Finding a "boutique"-type hotel room for less than £100 is achievable, although the choices are a bit slim. In Hamburg the funky Twenty Five Hours Hotel is very much geared for a young clientele, and even has a special rate to encourage this (00 49 40 855 070; www.25hours-hotel.de - doubles from €101/£72 excluding breakfast; for under 25s the rate drops to €61/£44). Its 89 rooms have been individually devised by newly graduated designers, and offer such retro features as Brionvega TVs with rounded corners and Sixties-style floor lamps. A living room-cum-library is currently under construction on the ground floor.

In Britain, a new, excellent-value design hotel chain is in the making. Dakota Nottingham (0870 442 2727; www.dakotahotels.co.uk - doubles from £84.50 excluding breakfast) opened in July 2004 and two more Dakotas are due to open soon - in Glasgow and Edinburgh respectively this year and next. Strictly speaking, the Nottingham property is slightly more of a business-style hotel than a boutique outfit: its 92 rooms are on the small side and have a uniform, if cool, style of exposed brick and leather. But you still get a sense of quirky innovation here - at a bargain price.

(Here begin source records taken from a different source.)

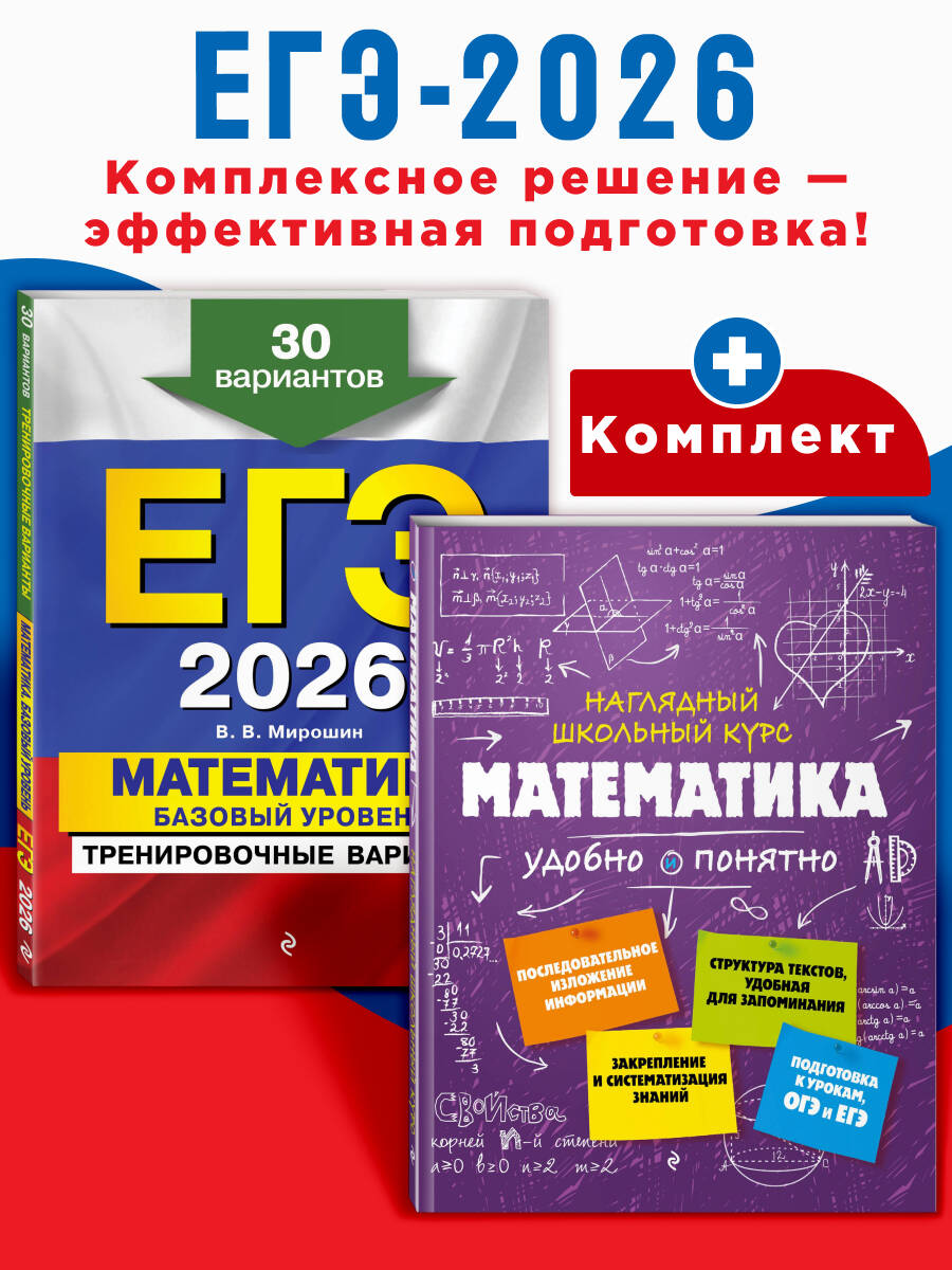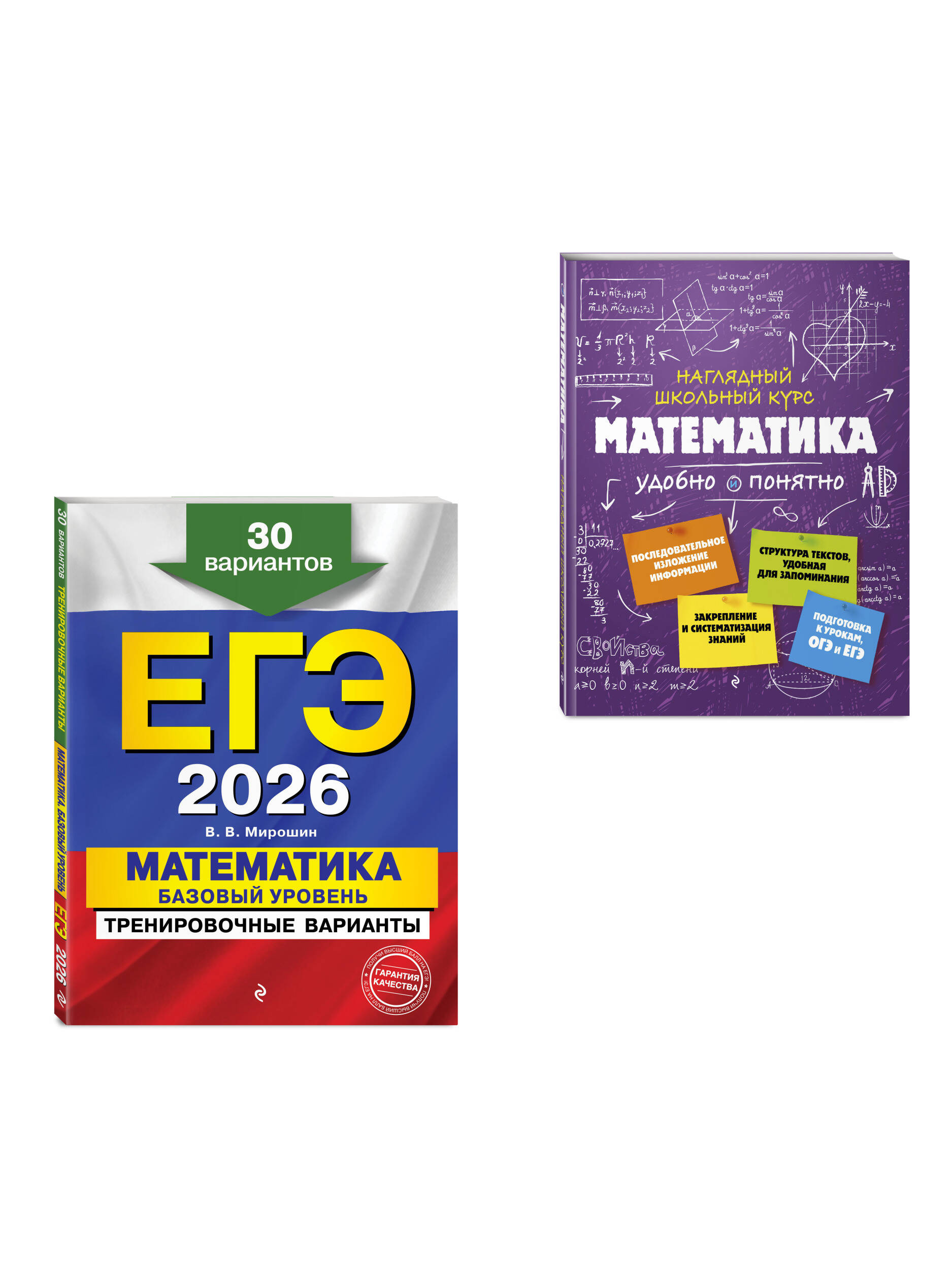В комплект вошли книги: «ЕГЭ-2026. Математика. Базовый уровень. Тренировочные варианты. 30 вариантов» и «Математика» из серии «Наглядный школьный курс: удобно и понятно», адресованные выпускникам старшей школы для подготовки к ЕГЭ по базовой математике.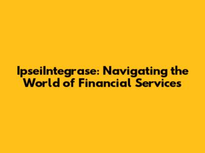 Hey guys! Let's dive into the world of IpseiIntegrase financial services! Ever felt like the financial landscape is a bit of a maze? Well, you're not alone. Figuring out investments, managing your money, and planning for the future can feel overwhelming. That's where IpseiIntegrase steps in, offering a helping hand to make things a little clearer and a lot more manageable. We're talking about a range of services designed to empower you to take control of your finances and build a brighter tomorrow. Think of it as having a financial sidekick, guiding you through the ups and downs of the market and helping you make informed decisions. We'll explore what IpseiIntegrase is all about, the kinds of services they offer, and how they can potentially help you achieve your financial goals. So, buckle up, and let's get started on this exciting journey to financial well-being!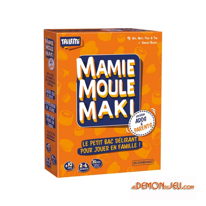 Mamie Moule Maki version Ados & Parents est un jeu simple, accessible, et idéal pour animer une soirée en famille. Il favorise l'échange, la créativité, et l'humour, sans jamais devenir trop complexe.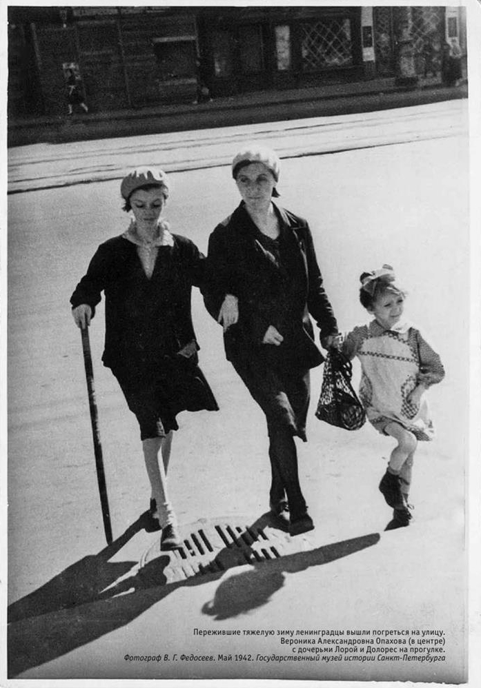 Долорес пытается прыгать и играть, хотя её колени налиты водой от голодных отёков. Этот путь был их ежедневным маршрутом: по улицам Майорова и Герцена, к ДЛТ, на Невский — и обратно. Мать водила их по кругу, лишь бы отвлечь от одной мысли: о еде. Лора незадолго до этого лежала в параличе — от голода отнялась левая половина тела. Врач велела как можно больше ходить. И они ходили. Девочки проявили невероятную силу воли, и, слава богу, с ними была их мама. Они выжили. После войны все вместе работали в Академической капелле на Мойке.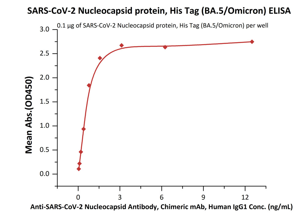| Bio-activity : | Immobilized SARS-CoV-2 Nucleocapsid protein, His Tag (BA.5/Omicron) at 1 μg/mL (100 μL/well) can bind Anti-SARS-CoV-2 Nucleocapsid Antibody, Chimeric mAb, Human IgG1 with a linear range of 0.1-2 ng/Ml. |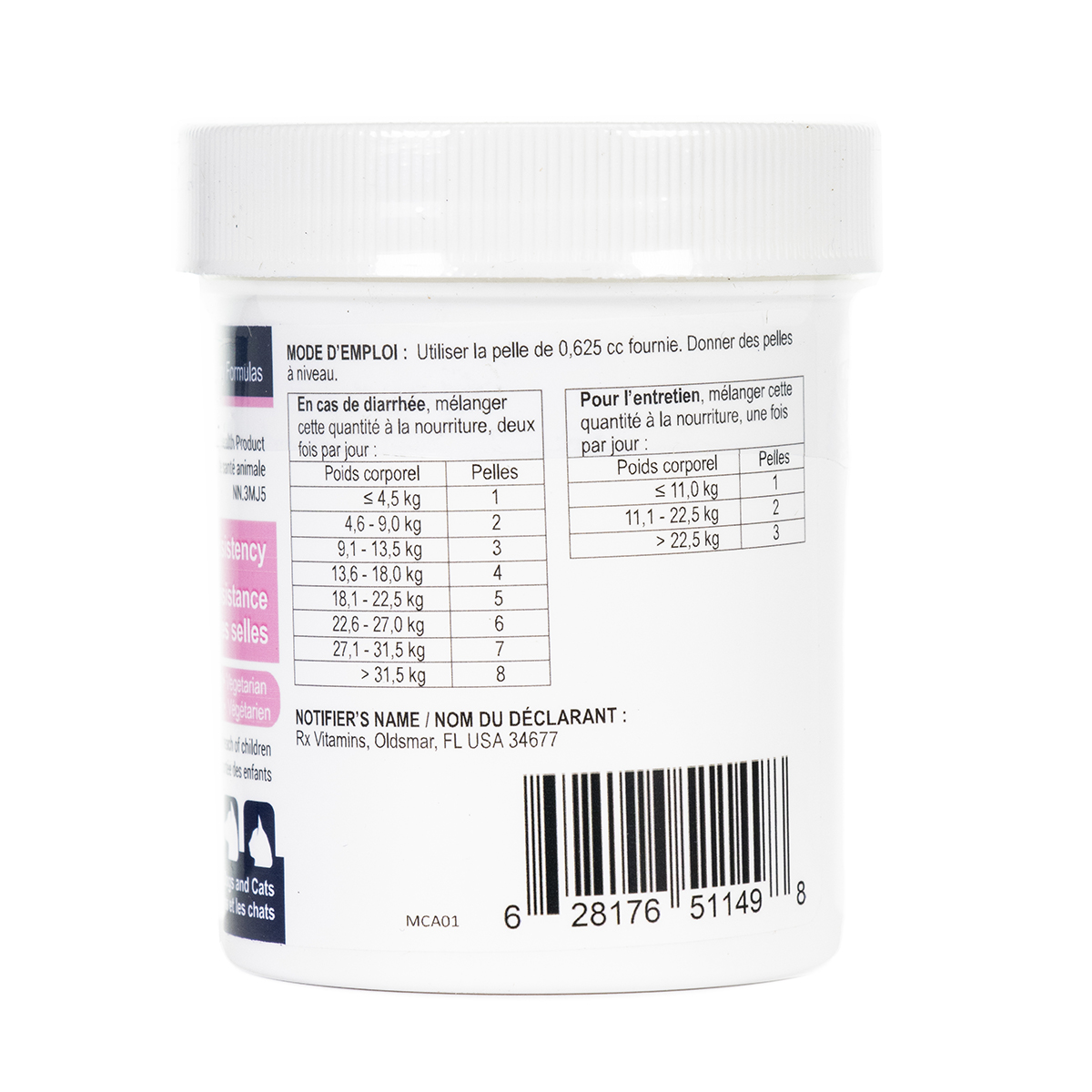 Finely ground hydrated calcium aluminosilicate, a geological nanomaterial that adsorbs bacterial enterotoxins and increases the reabsorption of intraluminal water in the gastrointestinal tract, helping to regulate bowel function and normalize stool quality in dogs and cats.

WHERE CAN I FIND OUT MORE?

The Mr & Mrs Smith hotel guide books offer fun and informative advice on boutique places to stay: the UK and Ireland guide costs £19.95, the European Cities book £24.95 - both available online from www.mrandmrssmith.com (postage and packaging is included). Or consult the websites of marketing groups that have selected prime properties, including www.tablethotels.com; www.epoquehotels.com; www.designhotels.com; and www.slh.com.